Exercise:
Transcribe exactly, leaving out pictures, the lines from the one that holds "鲁网2月18日讯 2月16日" through the end of the data below, including both end lines and no others.

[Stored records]
• • • • •
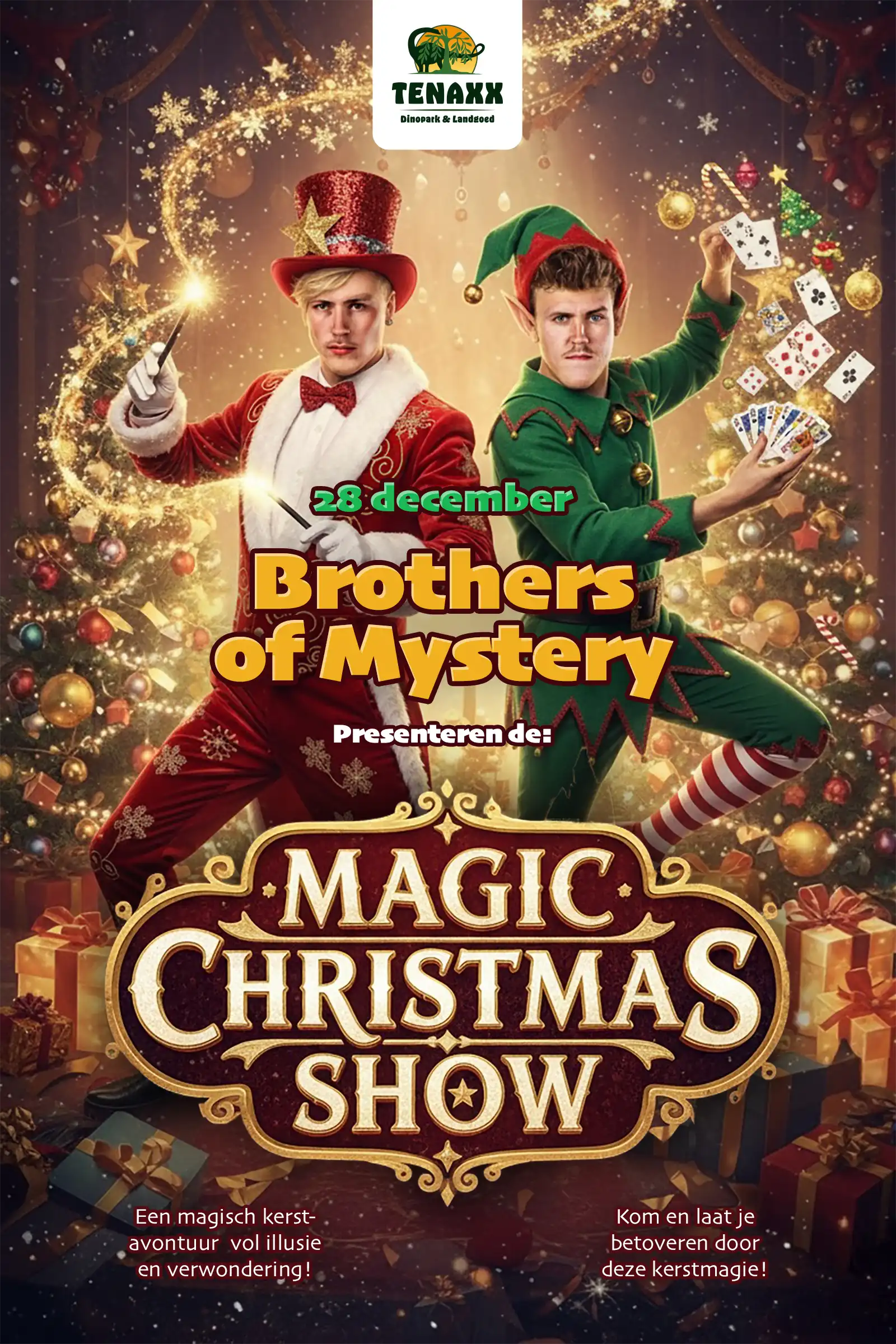 Om 12:00 Uhr du kannst das Extra genießen Magische Weihnachtsshow des Brüder des Mysteriums. In einem warmes, überdachtes Zelt nehmen sie dich auf Der magische Weihnachtsstern: eine fröhliche und spannende Weihnachtsgeschichte voller Humor, spektakulärer Illusionen und einem herzerwärmenden Finale voller Schnee und Weihnachtsstimmung.
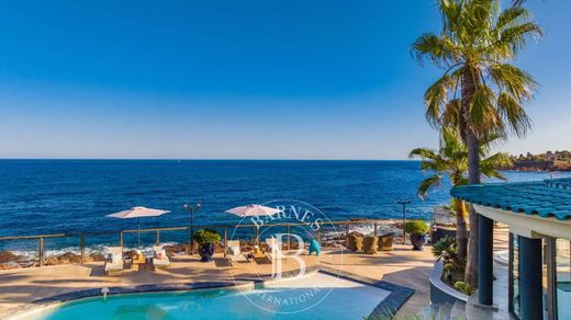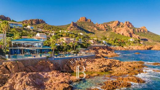 Anthéor: a unique location for this waterfront villa, set on red rocks at the end of a dead-end street in a gated estate on the Corniche d'Or between Cannes and Saint-Tropez.
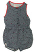 Boutonné devant, sans manches, élastiques à la taille et aux cuisses, fluide.
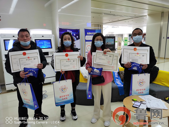 鲁网2月18日讯 2月16日上午,同住兰山北城且均要从事物流行业的四位群众,一起到临沂市政务大厅新企业开办专区咨询如何成立物流方面的公司。得知需求之后,工作人员逐一解答他们心中困惑,一对一指导业务设立发起,协调后台审核,现场打照、刻章、申领电子营业执照,全流程帮办、代办,不足2个小时,四位群众就领取到营业执照。他们感谢道:“离家近,又少跑腿,审批服务真热情!”
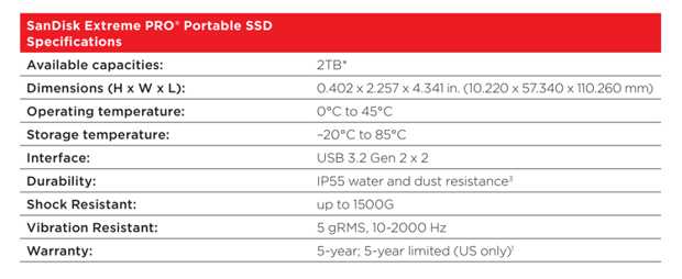 The SanDisk Extreme PRO portable SSD is available in 2TB (*) (MSRP of $499.99 USD), and is expected to ship in 1TB (*) later this holiday season.
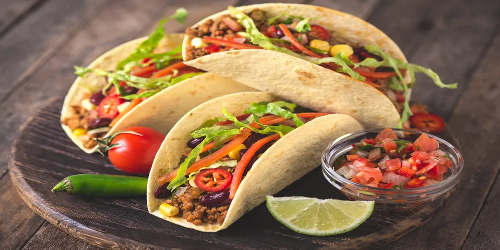 3 Pieces of shrimp tacos served on a soft corn tortilla with cheese, seasoned with pico de gallo, accompanied with rice, lettuce, avocado, corn and salsa on the side.
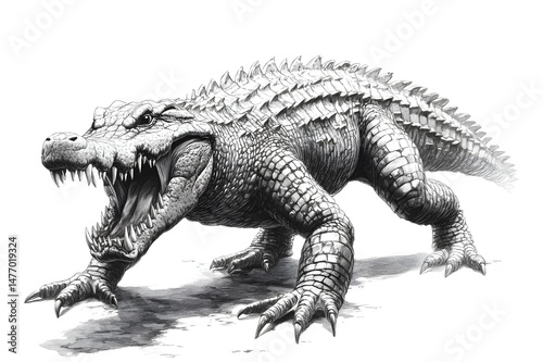 Fototapeta premium Pencil drawing of an angry, fierce and vicious crocodile, showing its fangs from a side view, white background
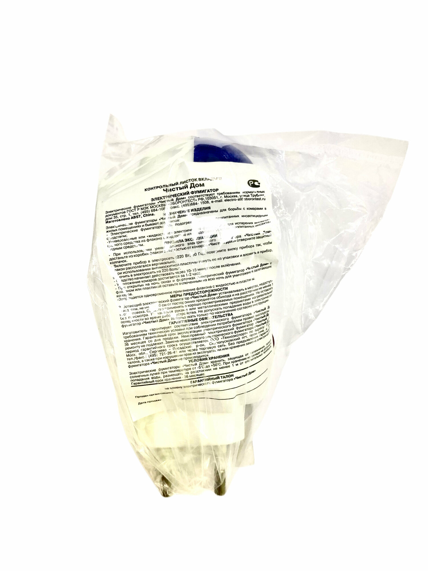 | Дополнительная информация | Меры предосторожности. Работающий электрический фумигатор Чистый Дом устанавливать в местах, недоступных детям, не менее 50 см от посторонних предметов обихода и на расстоянии не менее 1 метра от человека. Средство применять в хорошо проветриваемых помещениях. Не оставлять без присмотра. Не касаться руками или металлическими предметами нагревательной поверхности во время работы устройства. Не допускать попадания воды в электрический фумигатор Чистый Дом. Использовать только по назначению согласно инструкции. |
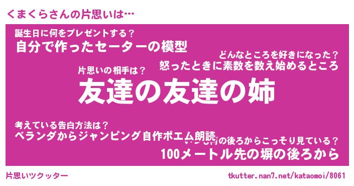 | ヘコむあだ名 | 『くまもー』『つくし』『くま太郎』 |
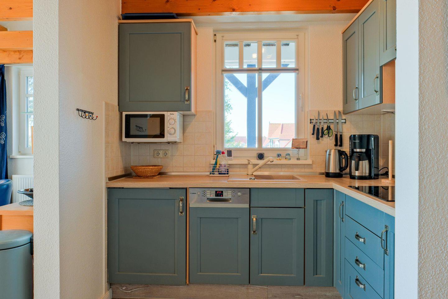 Die moderne Küchenzeile ist vollständig ausgestattet – von Cerankochfeld über Geschirrspüler bis zur Kaffeemaschine. Hier wird Kochen zum Genussmoment, nicht zur Pflicht. Ob morgendlicher Kaffee mit Sonnenaufgang oder ein gemütliches Abendessen mit Haffblick – jeder Bissen schmeckt nach Urlaub.
• • • • •
Response to this exercise:
 鲁网2月18日讯 2月16日上午,同住兰山北城且均要从事物流行业的四位群众,一起到临沂市政务大厅新企业开办专区咨询如何成立物流方面的公司。得知需求之后,工作人员逐一解答他们心中困惑,一对一指导业务设立发起,协调后台审核,现场打照、刻章、申领电子营业执照,全流程帮办、代办,不足2个小时,四位群众就领取到营业执照。他们感谢道:“离家近,又少跑腿,审批服务真热情!”
 The SanDisk Extreme PRO portable SSD is available in 2TB (*) (MSRP of $499.99 USD), and is expected to ship in 1TB (*) later this holiday season.
 3 Pieces of shrimp tacos served on a soft corn tortilla with cheese, seasoned with pico de gallo, accompanied with rice, lettuce, avocado, corn and salsa on the side.
 Fototapeta premium Pencil drawing of an angry, fierce and vicious crocodile, showing its fangs from a side view, white background
 | Дополнительная информация | Меры предосторожности. Работающий электрический фумигатор Чистый Дом устанавливать в местах, недоступных детям, не менее 50 см от посторонних предметов обихода и на расстоянии не менее 1 метра от человека. Средство применять в хорошо проветриваемых помещениях. Не оставлять без присмотра. Не касаться руками или металлическими предметами нагревательной поверхности во время работы устройства. Не допускать попадания воды в электрический фумигатор Чистый Дом. Использовать только по назначению согласно инструкции. |
 | ヘコむあだ名 | 『くまもー』『つくし』『くま太郎』 |
 Die moderne Küchenzeile ist vollständig ausgestattet – von Cerankochfeld über Geschirrspüler bis zur Kaffeemaschine. Hier wird Kochen zum Genussmoment, nicht zur Pflicht. Ob morgendlicher Kaffee mit Sonnenaufgang oder ein gemütliches Abendessen mit Haffblick – jeder Bissen schmeckt nach Urlaub.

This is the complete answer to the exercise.